In the city it began, in Wuhan in China, people go about normal life. They gather. They have parties in Wuhan. And at the Wuhan Institute of Virology, where they were studying coronaviruses for many years, we have not heard how to stop the spread. That may be the most fascinating unanswered question of all. Experts were studying these viruses prior to the outbreak. They knew there was a threat.
Nevertheless, after a year, the world is in chaos, with every country pursuing its own policies. Some countries ban travel, others allow people to arrive with a negative test, some close schools, some open them. There is no collaborative project to identify mutations quickly and rapidly test them against existing vaccines, and there is no trillion-dollar budget set aside to develop methods to make life easier, to fight the spread.

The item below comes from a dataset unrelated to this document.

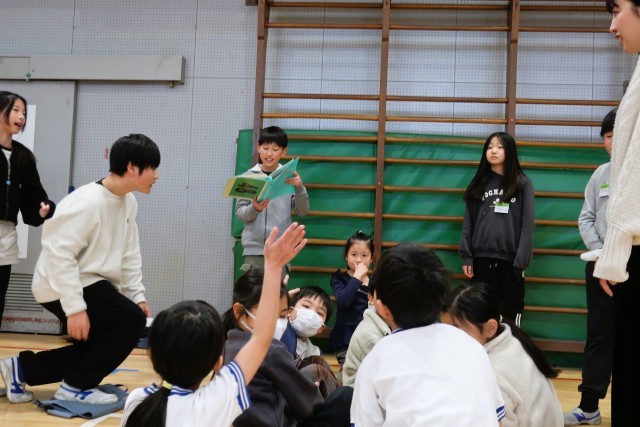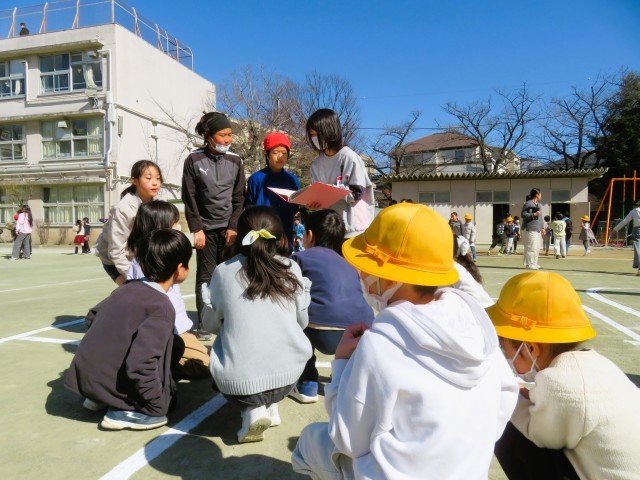 5年生が新たなリーダーとなった『たてわり集会』を昼休みに行いました。松丘小学校の特色ある活動の一つとして、異学年の子どもたちと交流し、思いやりの気持ちをさらに向上させるための活動です。まずは、4年生がやさしく1年生のお迎えをして、それぞれの活動場所に案内しています。班ごとに出欠の確認とゲームの説明がありました。

In Israel we were told that the vaccines would enable some normal life to return. But we hear nothing about the plan for that. Instead, the spread appears to remain the same, hospitalizations rise, deaths increase, and the airport is now closed. The government continues to not enforce rules in some areas, which guarantees the numbers will percolate in those areas.
The government doesn’t bother to reward communities that observe guidelines and where the spread is low and enable them to open businesses. Instead the whole are collectively punished by the same government that doesn’t enforce guidelines on some, punishing all those who obeyed and rewarding those who did not. And this will continue forever.